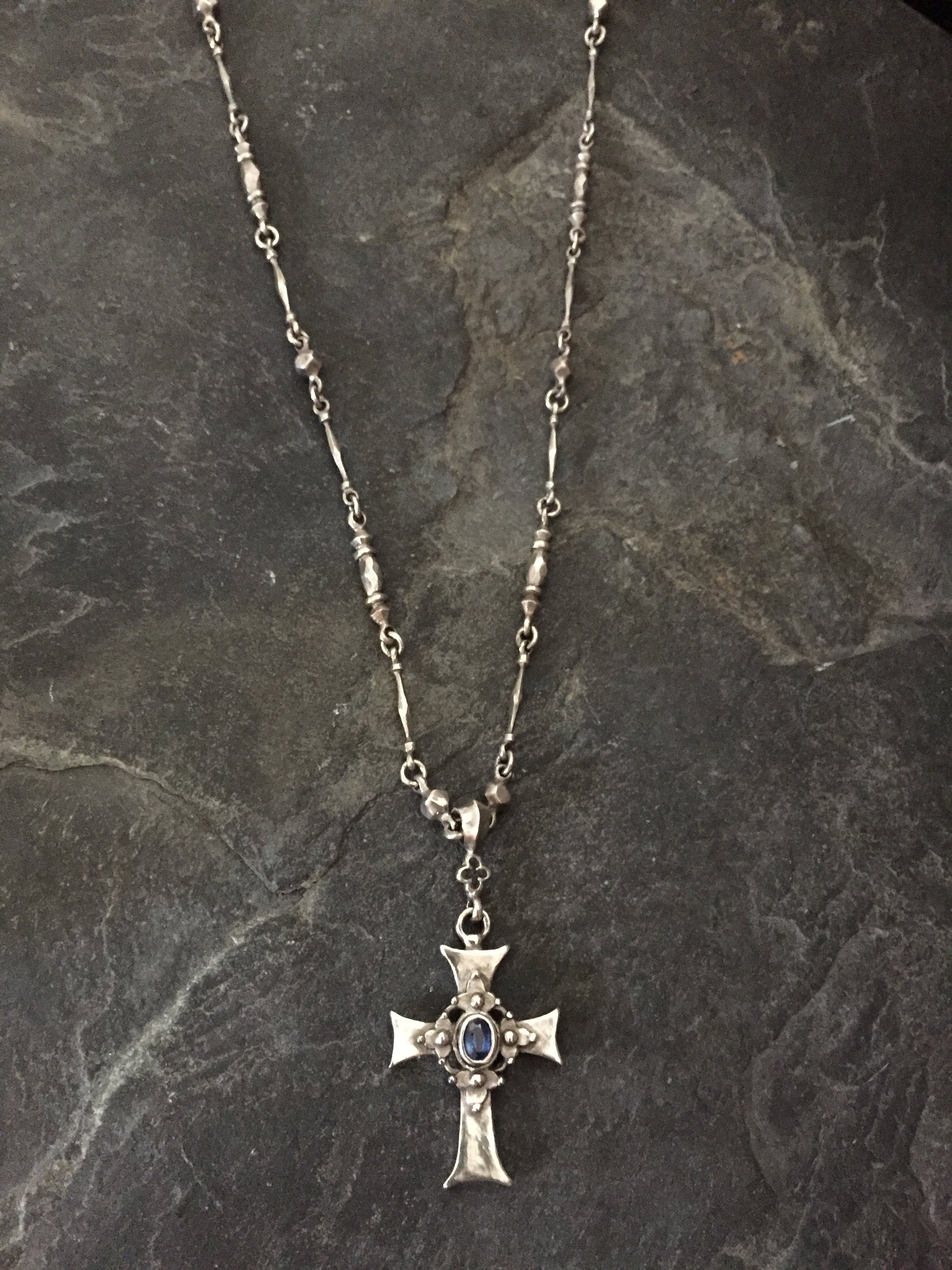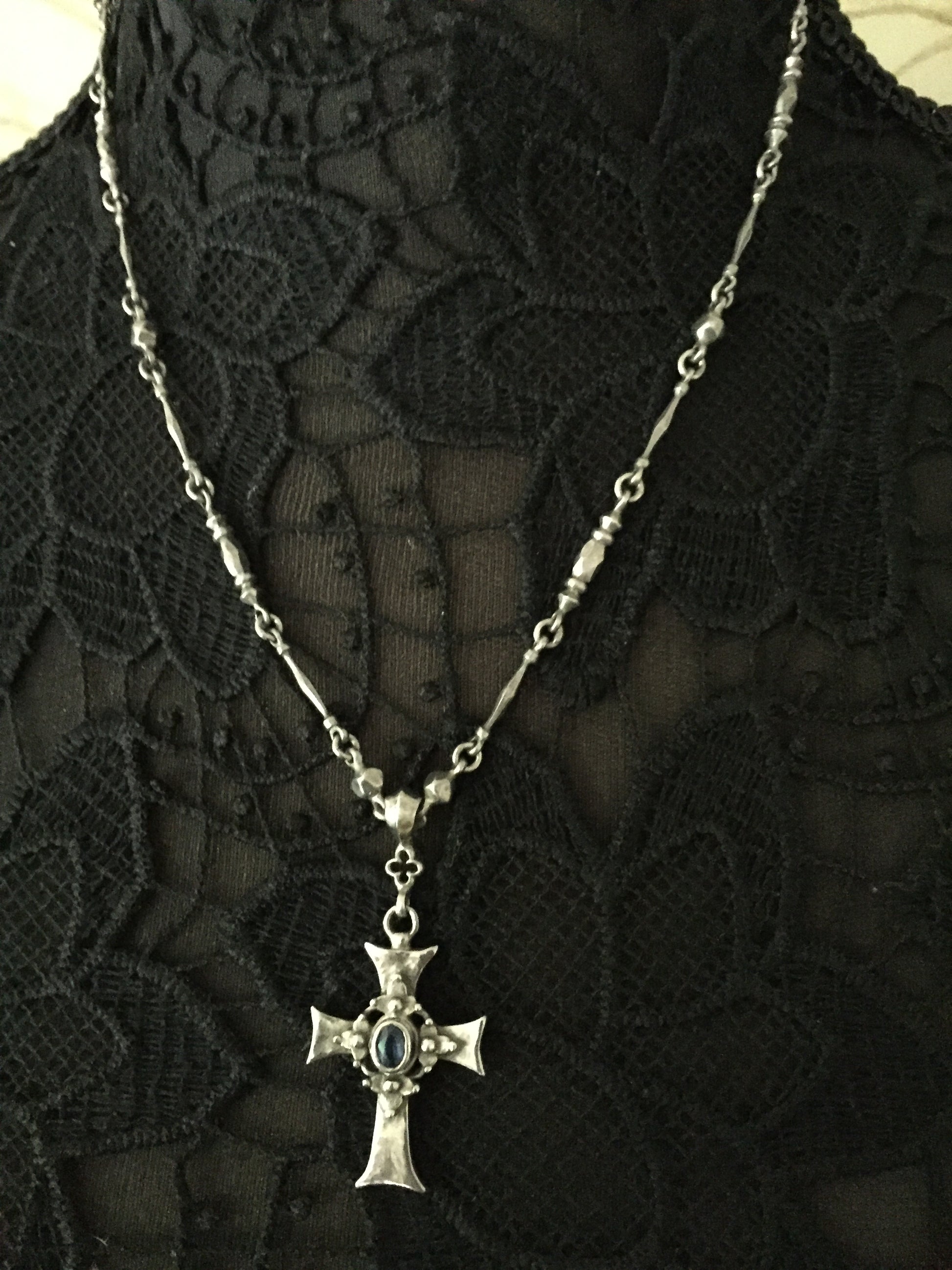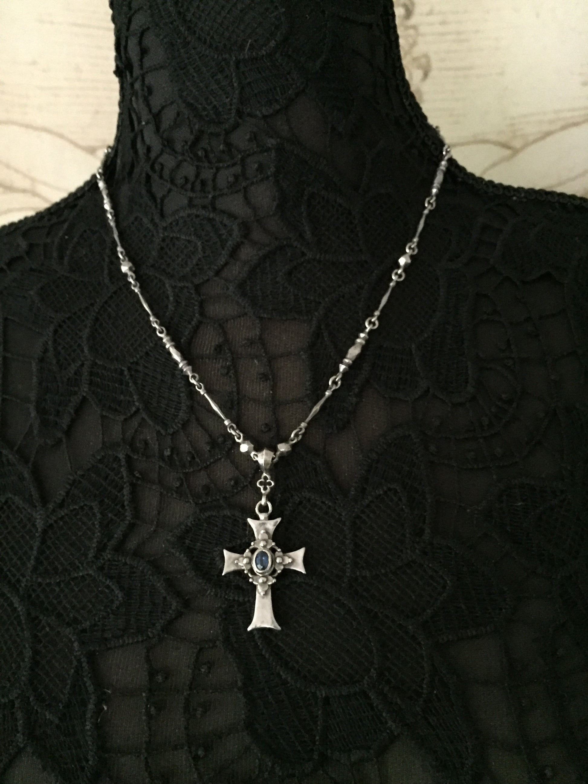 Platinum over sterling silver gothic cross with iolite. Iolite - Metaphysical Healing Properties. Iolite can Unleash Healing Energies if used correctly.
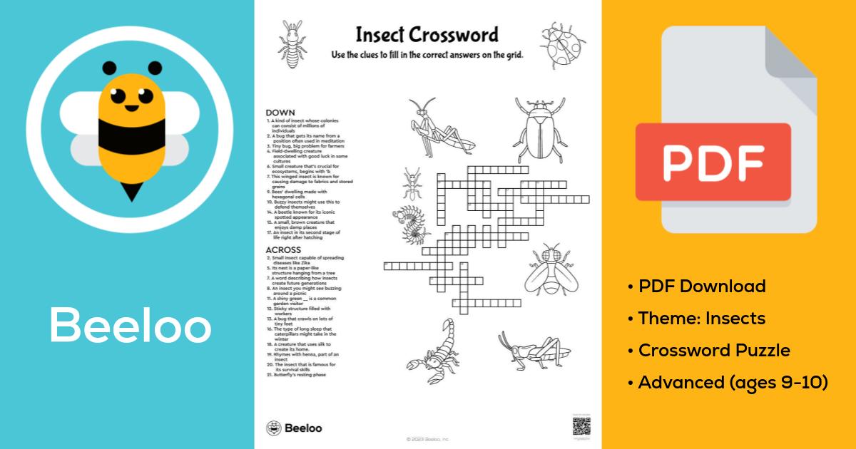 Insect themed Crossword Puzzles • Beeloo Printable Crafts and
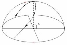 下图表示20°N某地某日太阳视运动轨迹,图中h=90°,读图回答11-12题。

——————

> Problem statement: Repeat all of the material above exactly, leaving out pictures.

> Result of the task:
 Platinum over sterling silver gothic cross with iolite. Iolite - Metaphysical Healing Properties. Iolite can Unleash Healing Energies if used correctly.
 Insect themed Crossword Puzzles • Beeloo Printable Crafts and
 下图表示20°N某地某日太阳视运动轨迹,图中h=90°,读图回答11-12题。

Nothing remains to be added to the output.